■ **GOAL OF THE EXERCISE**: Exclude the images, then return every line below exactly as written.

■ **DATA EXTRACT**:
┄┄┄┄┄┄┄┄┄┄

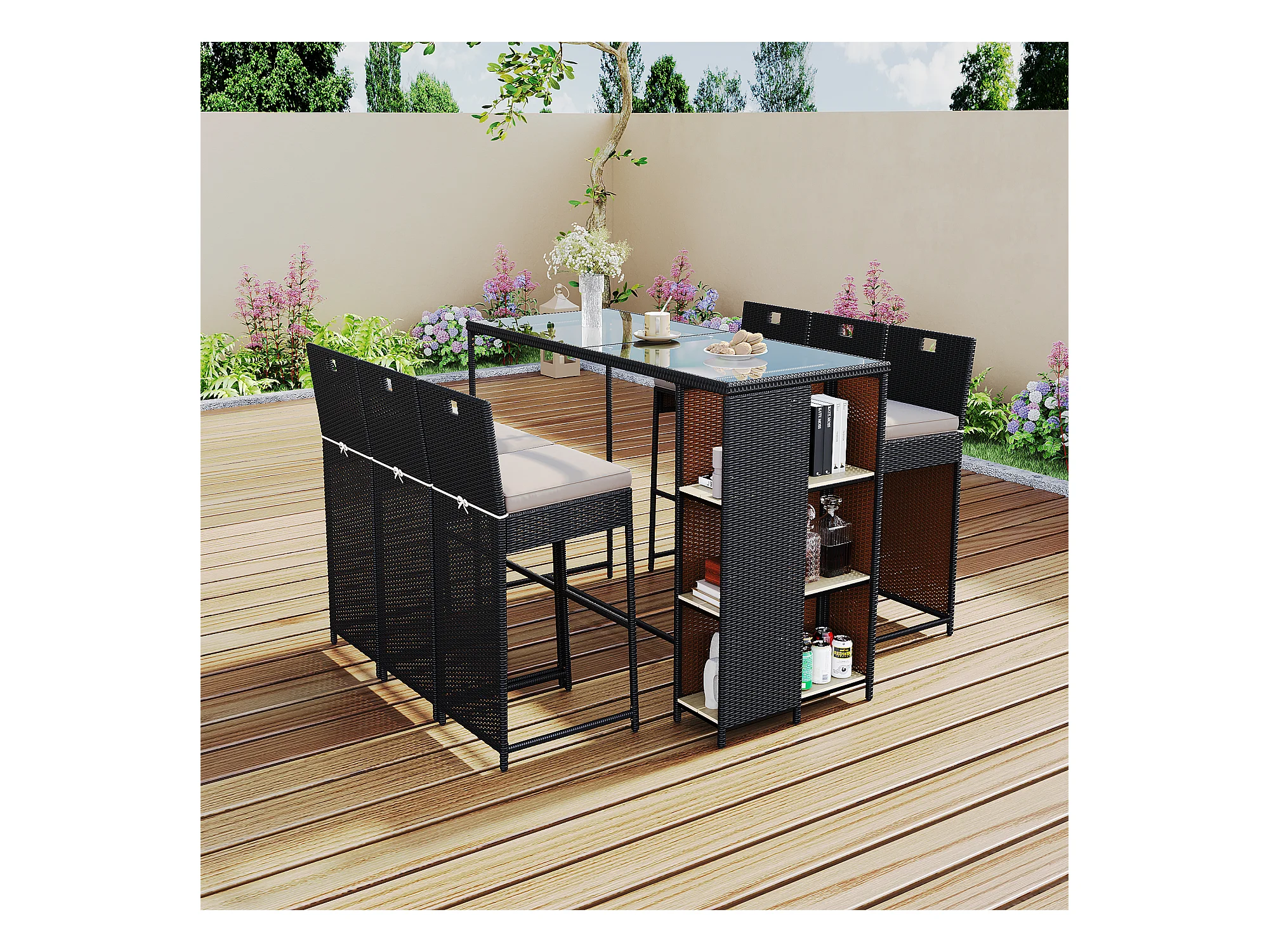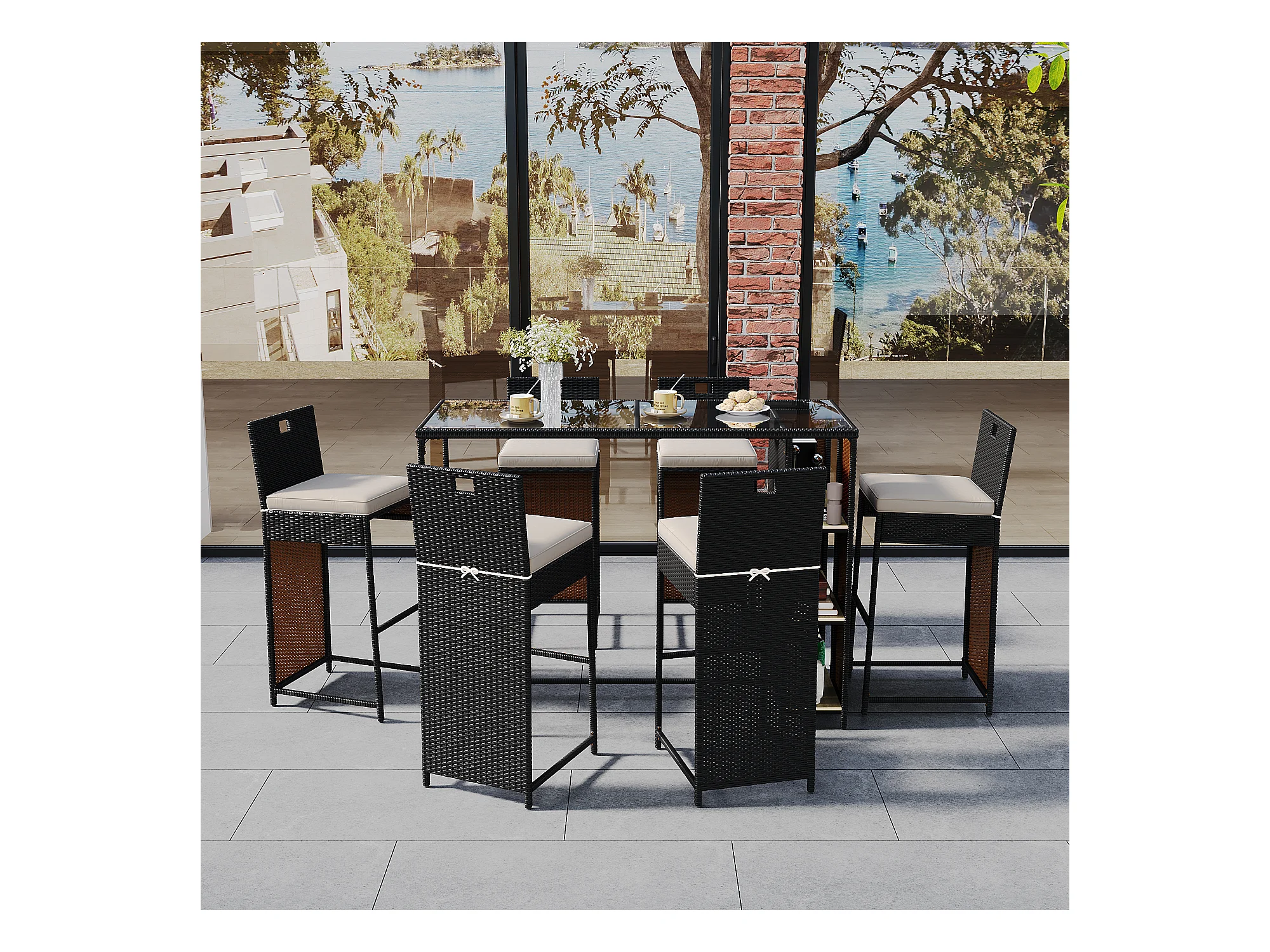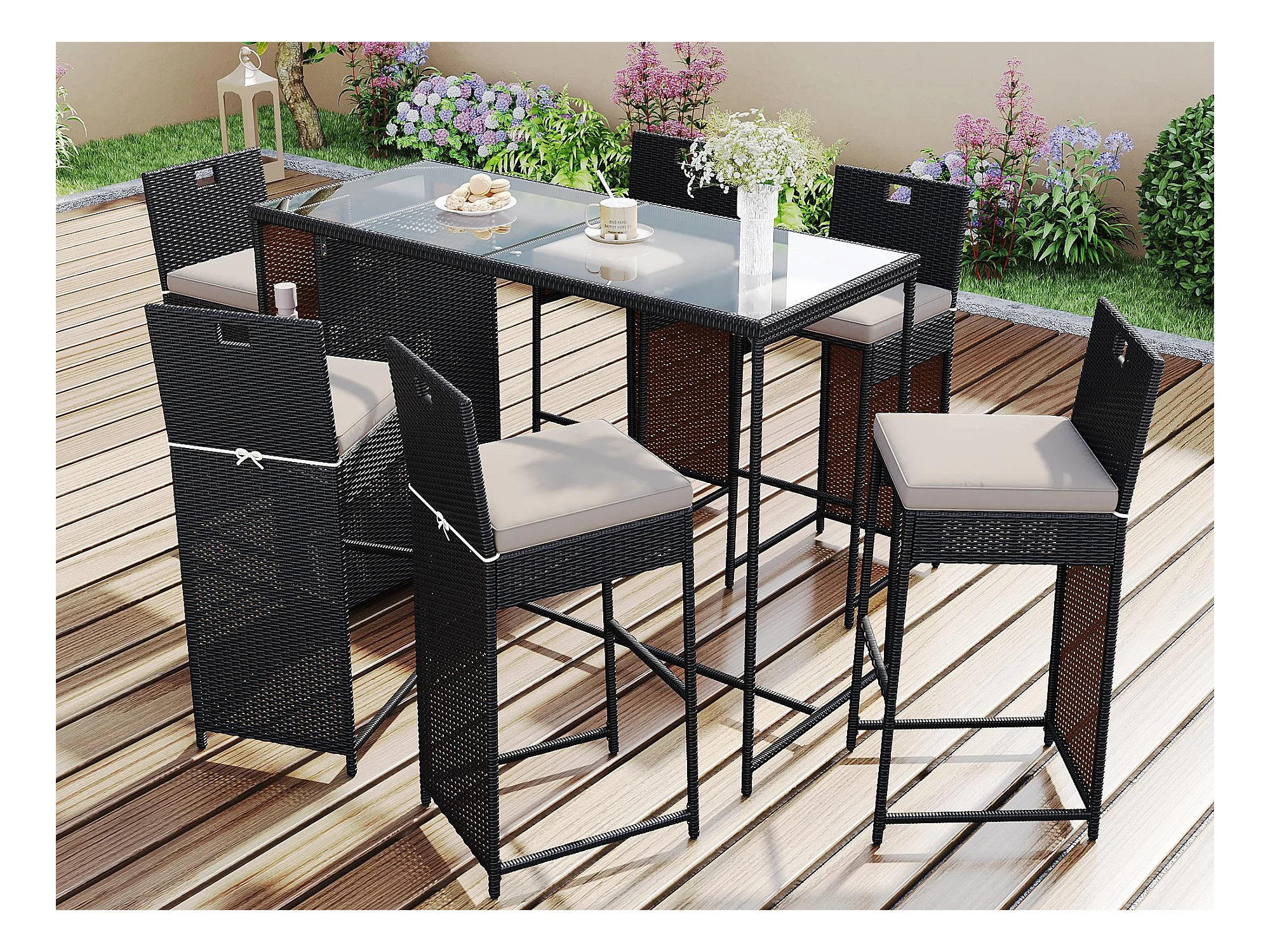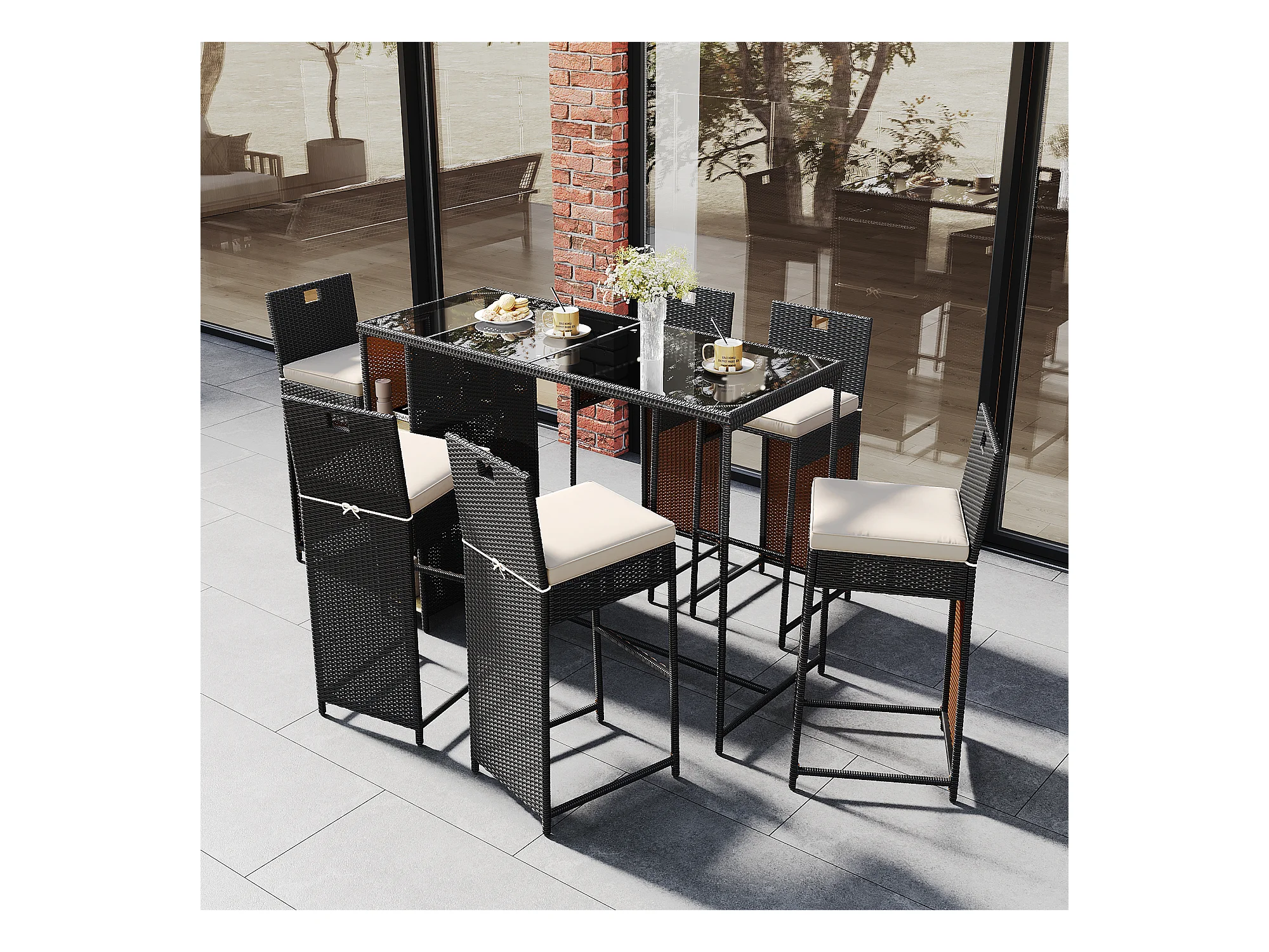 Salon de jardin, ensemble de bar de jardin 7 pièces avec coussins, 6 tabourets et d'une table haute, plateau de table en verre trempé, noir-marron
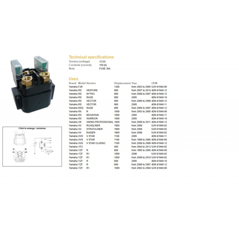 DZE PRZEKAŹNIK ROZRUSZNIKA YAMAHA XV 1900 '06- XVS 1100 '99-'09 YFZ 450 '04-'13 YZF 600 '05-'07 YZF 1000 '02-'10 (150A)
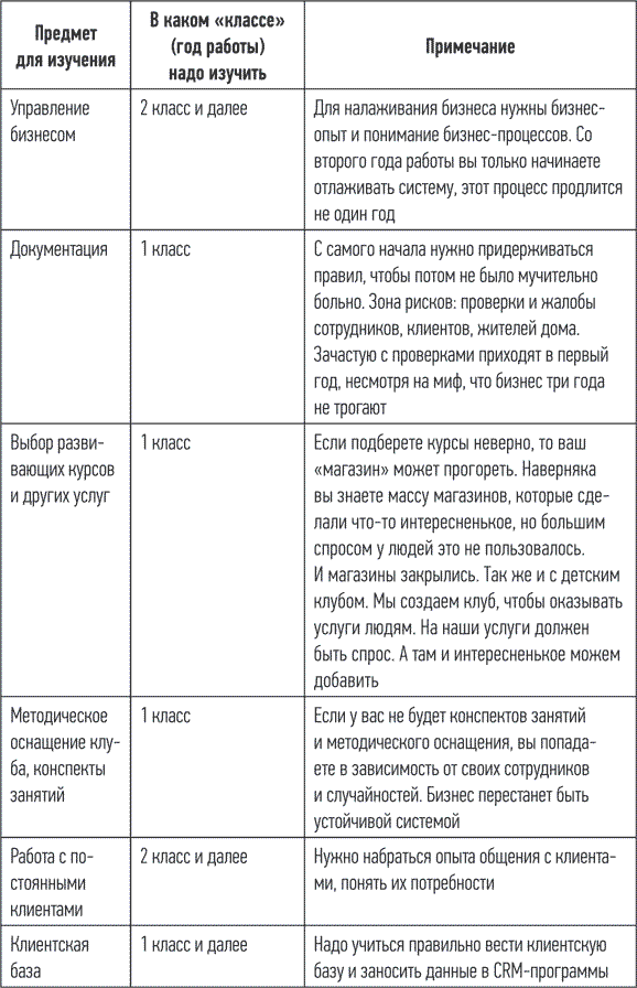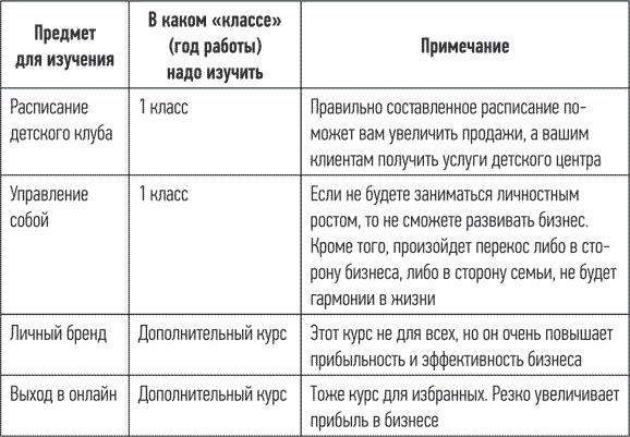 Есть предметы и в нашем бизнесе (их список я привела в таблице 1). Их нужно будет освоить. Что-то придется изучить сразу, иначе останетесь двоечником, а бизнес двоечникам денег не дает – таковы правила игры. Некоторые предметы можно изучить чуть позже. Это уже не начальная «арифметика», а что-то типа алгебры. Имеются также дополнительные курсы, которые помогут вам получить более глубокие знания по бизнесу, а значит, увеличить прибыль.

┄┄┄┄┄┄┄┄┄┄

■ **TASK RESPONSE**:
 Salon de jardin, ensemble de bar de jardin 7 pièces avec coussins, 6 tabourets et d'une table haute, plateau de table en verre trempé, noir-marron
 DZE PRZEKAŹNIK ROZRUSZNIKA YAMAHA XV 1900 '06- XVS 1100 '99-'09 YFZ 450 '04-'13 YZF 600 '05-'07 YZF 1000 '02-'10 (150A)
 Есть предметы и в нашем бизнесе (их список я привела в таблице 1). Их нужно будет освоить. Что-то придется изучить сразу, иначе останетесь двоечником, а бизнес двоечникам денег не дает – таковы правила игры. Некоторые предметы можно изучить чуть позже. Это уже не начальная «арифметика», а что-то типа алгебры. Имеются также дополнительные курсы, которые помогут вам получить более глубокие знания по бизнесу, а значит, увеличить прибыль.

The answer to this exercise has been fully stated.